After passing under the railroad, Kenilworth Road will end at Spring Glen Road. SR 157 turns right, and SR 139 begins to the left. But there's no signage for any of that...not even reassurance shields after the turns! 

I couldn't find a date on this culvert, but it looks to be quite old and very likely dates back to when this was US 50

As we head north we get a great view of the Book Cliffs.

Entering Helper. This is a typical older UDOT sign and is one of the few clues that what we're on is in fact a state highway

After making a completely unsigned left turn onto Poplar Street, SR 157 crosses the Price River and reaches its modern terminus at US 6/191.

Business US 6

US 6 Business begins at exit 232 and heads south into Helper on Main Street, the old US 6 alignment. Naturally, no reassurance shield.

Apparently Helper is now a family town or something. Lame.

I didn't realize Piggly Wiggly was ever out west, but if this building is any indication...

Oh hey, signs! This is actually a bit inaccurate - SR 157 now also goes to the right here, and there should be either a TO or BUSINESS banner on top of the US shields. But signage is so hard to come by in this area that I'm absolutely not complaining. These signs might actually date back to the 1980s based on the older beehive, which would make them cool in their own right.
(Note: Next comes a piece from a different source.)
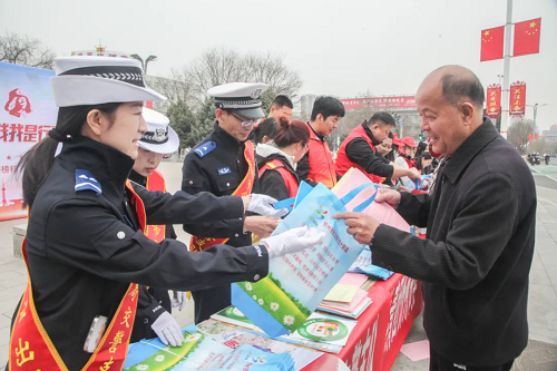 活動(dòng)現(xiàn)場(chǎng),交警支隊(duì)宣傳科、古城大隊(duì)七一崗的交警們身披綬帶,與各單位的志愿者們一起設(shè)立宣傳臺(tái),擺放交通事故警示教育宣傳展板,為過(guò)往群眾提供交管業(yè)務(wù)咨詢(xún)、開(kāi)展電動(dòng)自行車(chē)上牌上戶(hù)、騎行電動(dòng)車(chē)要佩戴安全頭盔、駕車(chē)拒絕酒駕等普法宣傳,通過(guò)發(fā)放交通安全宣傳資料,向群眾講解安全過(guò)馬路、遠(yuǎn)離貨車(chē)盲區(qū)、“一盔一帶”等交通安全常識(shí),倡導(dǎo)群眾自覺(jué)抵制交通陋習(xí),讓“走文明路、行文明車(chē)、做文明人”成為自覺(jué)和安全出行的前提。

Business 6 makes that right turn for a brief concurrency with SR 157 before returning to US 6/191.

If you're heading east on Poplar, you get these signs at the junction with Main Street. This is the only reference to a Business 191 at all, and is also the only Business 6 sign on the route itself. Although there are multiple signed references to Business 6, they are all on the mainline.